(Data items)
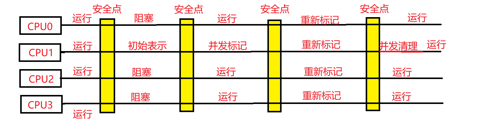 重新标记:最后一次短暂的STW,修正并发标记期间线程修改引用导致的偏差(如新增可达对象,新增失效对象),确保标记结果100%正确。
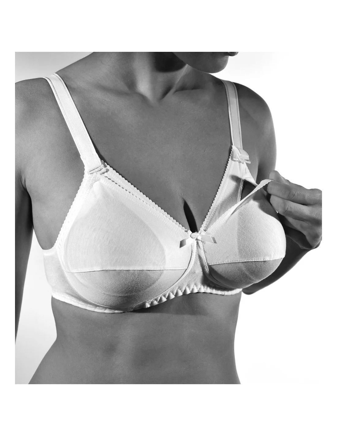 Reggiseno in puro cotone per un contatto naturale. La costruzione interna della coppa sorregge il seno anche durante lโallattamento. Lo sgancio della coppa รจ collocato molto in alto per non graffiare il volto del bimbo.
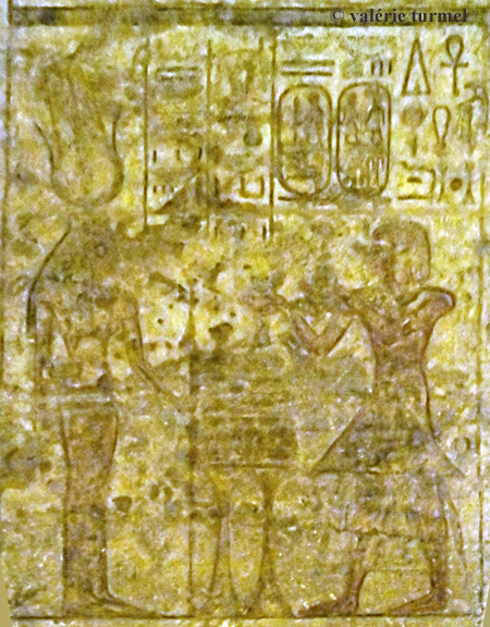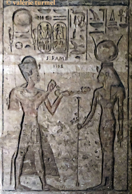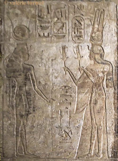 Registre du bas : Ramsès offre les vases de vin à Renenoutet, patronne des récoltes, portant un mortier surmonté de 2 hautes plumes. Le nom de Renenoutet signifie 'le serpent nourricier'. La déesse est souvent représentée comme un cobra ou avec une tête de serpent, ce qui n'est pas le cas ici;
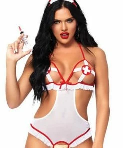 This sexy naughty night nurse costume features a crotchless teddy with peek-a-boo cups, tie back and matching hat headband.
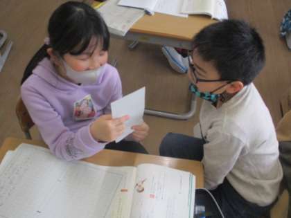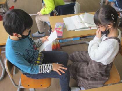 週明けに行う、「楽しかったよ2年生」の発表会に向けて、ペアで発表を聴き合い、最終確認をしました。
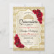 Dourado convite para comemoração de Quinceanera. Apresenta faixas, fontes de script, rosa vermelha, tiara e confetti. Design clássico com ouro falso brilhante. Perfeito para uma elegante celebração de glam.
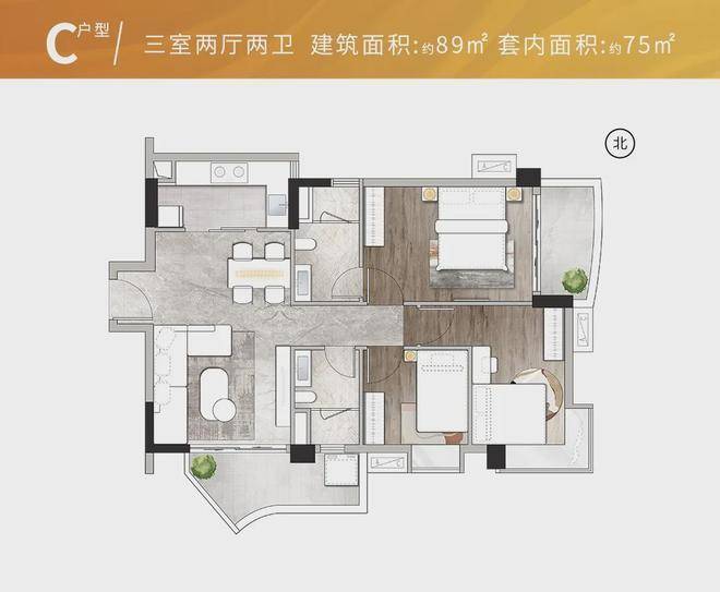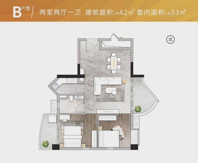 悦雅居主推62m²、66m²两房,88m²、95m²三房,单价在3万/m²。
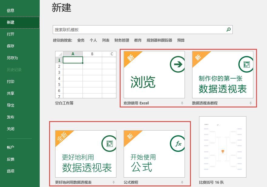 打开Excel 2016,点击【文件】→【新建】,在模板列表中,微软新增了四个模板,分别是“欢迎使用Excel”、“数据透视表教程”、“更好地利用数据透视表”和“公式教程”。

**What the exercise asks**
The records above must be output exactly, except for their pictures.

**Answer space**
 重新标记:最后一次短暂的STW,修正并发标记期间线程修改引用导致的偏差(如新增可达对象,新增失效对象),确保标记结果100%正确。
 Reggiseno in puro cotone per un contatto naturale. La costruzione interna della coppa sorregge il seno anche durante lโallattamento. Lo sgancio della coppa รจ collocato molto in alto per non graffiare il volto del bimbo.
 Registre du bas : Ramsès offre les vases de vin à Renenoutet, patronne des récoltes, portant un mortier surmonté de 2 hautes plumes. Le nom de Renenoutet signifie 'le serpent nourricier'. La déesse est souvent représentée comme un cobra ou avec une tête de serpent, ce qui n'est pas le cas ici;
 This sexy naughty night nurse costume features a crotchless teddy with peek-a-boo cups, tie back and matching hat headband.
 週明けに行う、「楽しかったよ2年生」の発表会に向けて、ペアで発表を聴き合い、最終確認をしました。
 Dourado convite para comemoração de Quinceanera. Apresenta faixas, fontes de script, rosa vermelha, tiara e confetti. Design clássico com ouro falso brilhante. Perfeito para uma elegante celebração de glam.
 悦雅居主推62m²、66m²两房,88m²、95m²三房,单价在3万/m²。
 打开Excel 2016,点击【文件】→【新建】,在模板列表中,微软新增了四个模板,分别是“欢迎使用Excel”、“数据透视表教程”、“更好地利用数据透视表”和“公式教程”。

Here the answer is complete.